I ran into the same problem, I am running it on a HPC server of the university. https://github.com/Xiangyu-Gao/Radar-multiple-perspective-object-detection/issues/2#issuecomment-1308230418

I was not able to resolve the problem following https://github.com/Xiangyu-Gao/Radar-multiple-perspective-object-detection/issues/2#issuecomment-1308237078.

What was the solution to the problem?

When shuffle is turned off on the dataloader, and batch size is set to 2 the error occurs at iteration number 30.

PalgunaGopireddy commented 9 months ago

@jimvermunt . I have not solved https://github.com/Xiangyu-Gao/Radar-multiple-perspective-object-detection/issues/2#issuecomment-1308230418 problem yet. I guess it's due to the number of samples available and batch-size. The general CNN model will consider the last batch-size the as the number of samples left. I think this is where this model is giving error.

Please do update if you overcome it.

jimvermunt commented 9 months ago

https://github.com/Xiangyu-Gao/Radar-multiple-perspective-object-detection/issues/2#issuecomment-1740322150 If I set the batch size to 1, the model will not throw an error but it will only show a warning:

The warning: ~/lib64/python3.6/site-packages/numpy/core/_asarray.py:83: VisibleDeprecationWarning: Creating an ndarray from ragged nested sequences (which is a list-or-tuple of lists-or-tuples-or ndarrays with different lengths or shapes ) is deprecated.
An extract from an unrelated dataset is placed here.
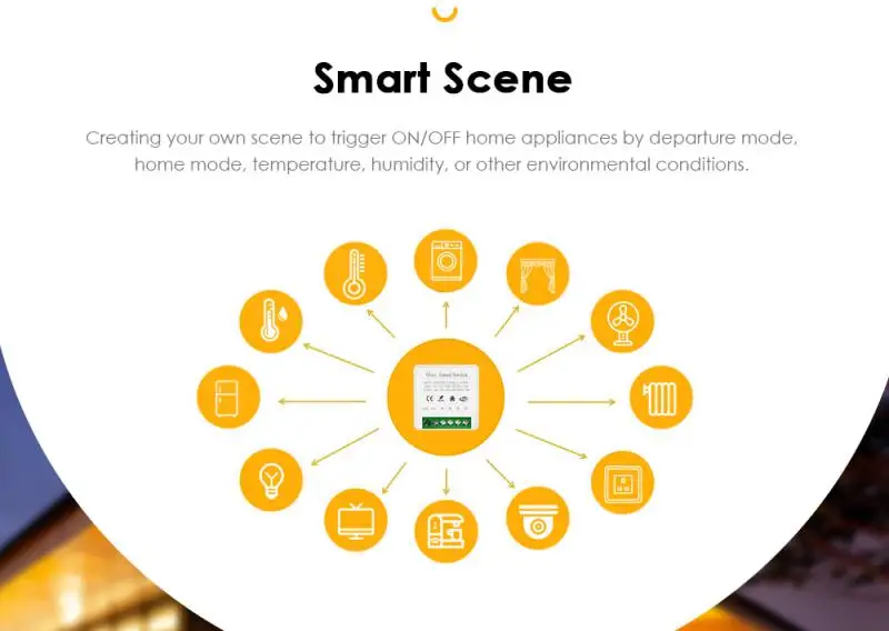 Через настройки, он может быть соединен с другими умными сценами, чтобы сделать жизнь умнее; Например, установите домашнюю сцену: автоматически Включите свет гостиной, телевизор и кондиционер.

If you meant to do this, you must specify 'dtype=object' when creating the ndarray return array(a, dtype, copy=False, order=order)

There seems to be an inconsistency in the size of the samples in a single loaded data, every time I restart the kernel it throws a warning at the 66th sample:

import os
import time
import json
import argparse

import torch
import torch.nn as nn
import torch.optim as optim
from torch.optim.lr_scheduler import StepLR, CyclicLR
from torch.utils.data import DataLoader
# from tensorboardX import SummaryWriter
from model.loss2 import Cont_Loss
from model.loss import FocalLoss

from data_aug import Aug_data
from config import n_class, train_sets, camera_configs, radar_configs, rodnet_configs
from config import mean1, std1, mean2, std2, mean1_rv, std1_rv, mean2_rv, std2_rv, mean1_va, std1_va, mean2_va, std2_va

from model.RODNet_3D import RODNet
from dataLoader.CRDatasets import CRDataset, CRDatasetSM
from dataLoader.CRDataLoader import CRDataLoader

batch_size = 1
win_size = 8

crdata_train = CRDataset(os.path.join('./data/', 'data_details'),
                         os.path.join('./data/', 'confmaps_gt'),
                         win_size=win_size, set_type='train', stride=8)
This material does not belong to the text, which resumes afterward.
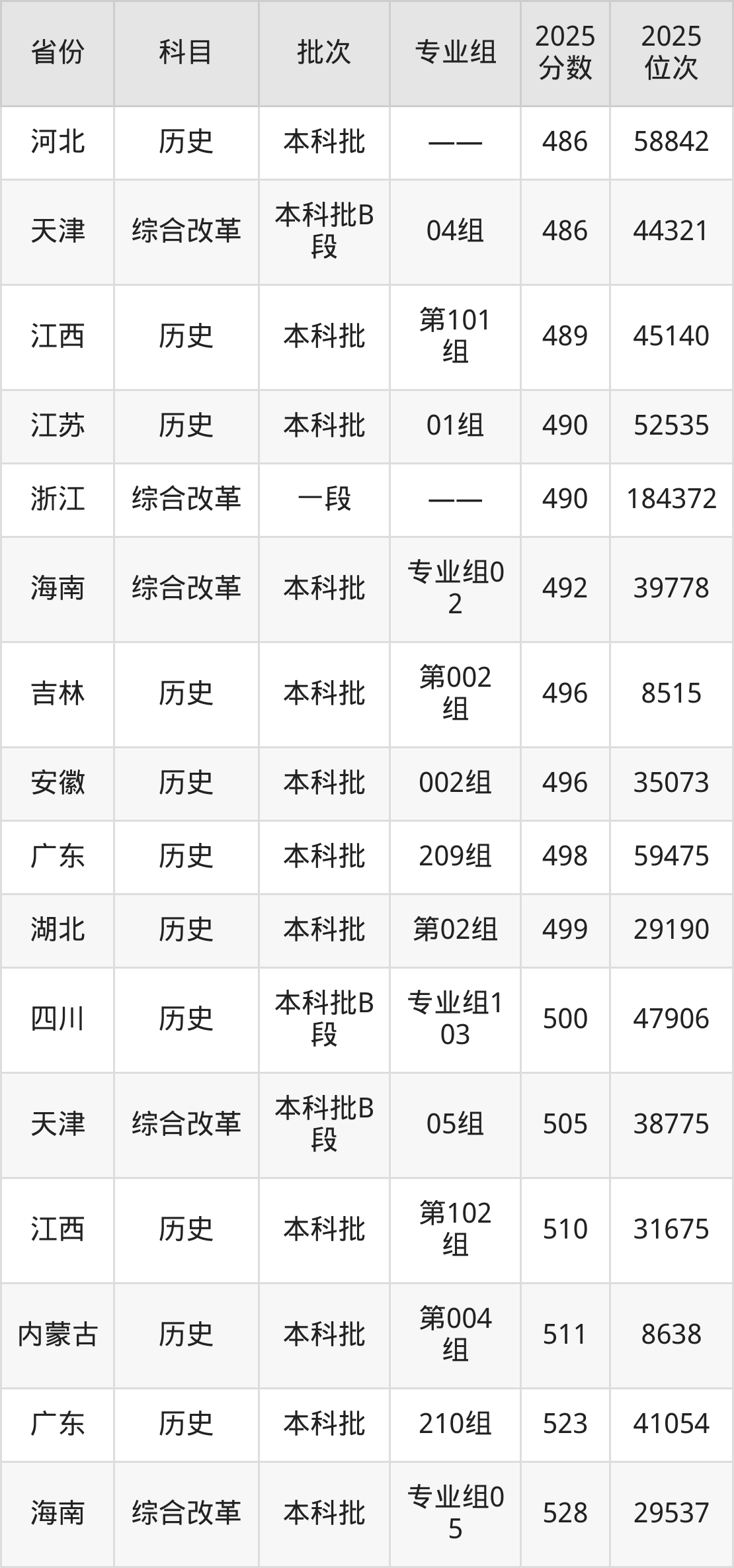 最高录取分数线是528分,对应位次是29537名,招生地区为海南。

dataloader = DataLoader(crdata_train, batch_size=batch_size, shuffle=False, num_workers=0) # x.x set shuffle to false`
for iter, loaded_data in enumerate(dataloader):
    print(f"iteration {iter}, \n length loaded data: {len(loaded_data)}")
    print(f"loaded data 0 shape {loaded_data[0].shape}")
    print(f"loaded data real_id shape {loaded_data[5]}, {len(loaded_data[5])}")

Setting the batch size to 1 makes it possible to train the model, however, using such small batches is not always preferrable.
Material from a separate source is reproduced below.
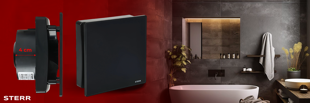 STERR BFS125H-MB - 125 mm Koupelnový Ventilátor, s snímačem vlhkosti, 160 m³/h, Matná Černá

PalgunaGopireddy commented 9 months ago

True. I guess only the author of the code @Xiangyu-Gao only can explain, how he is able to avoid it.

In this issue, which was occured due to addressing convention, he said, he ran the code using Linux., that's why it did not occur to him.

May be this also is the same reason. But I don't know. I do not have Linux, but I have installed WSL2 on windows. I will run this code on it and update it here. Meanwhile if you have Linux please do run this.

Xiangyu-Gao commented 9 months ago

For this issues https://github.com/Xiangyu-Gao/Radar-multiple-perspective-object-detection/issues/2#issuecomment-1740322150, it is caused by your PyTorch dataloader which sometimes load irregular length data. At least for some pytoch versions, this happens. Can you try pytoch 1.5.1 and use the suggested package versions in here?

Xiangyu-Gao commented 9 months ago

From the repository, training and test folders given. So The model is run with training and validation datasets right? No test dataset is used.

The train_dop.py use the training dataset. The test.py use the testing dataset. I did not setup validation in the script, you can always split the training data or add another for validation purposes.

PalgunaGopireddy commented 9 months ago

For this issues #2 (comment), it is caused by your PyTorch dataloader which sometimes load irregular length data. At least for some pytoch versions, this happens. Can you try pytoch 1.5.1 and use the suggested package versions in here?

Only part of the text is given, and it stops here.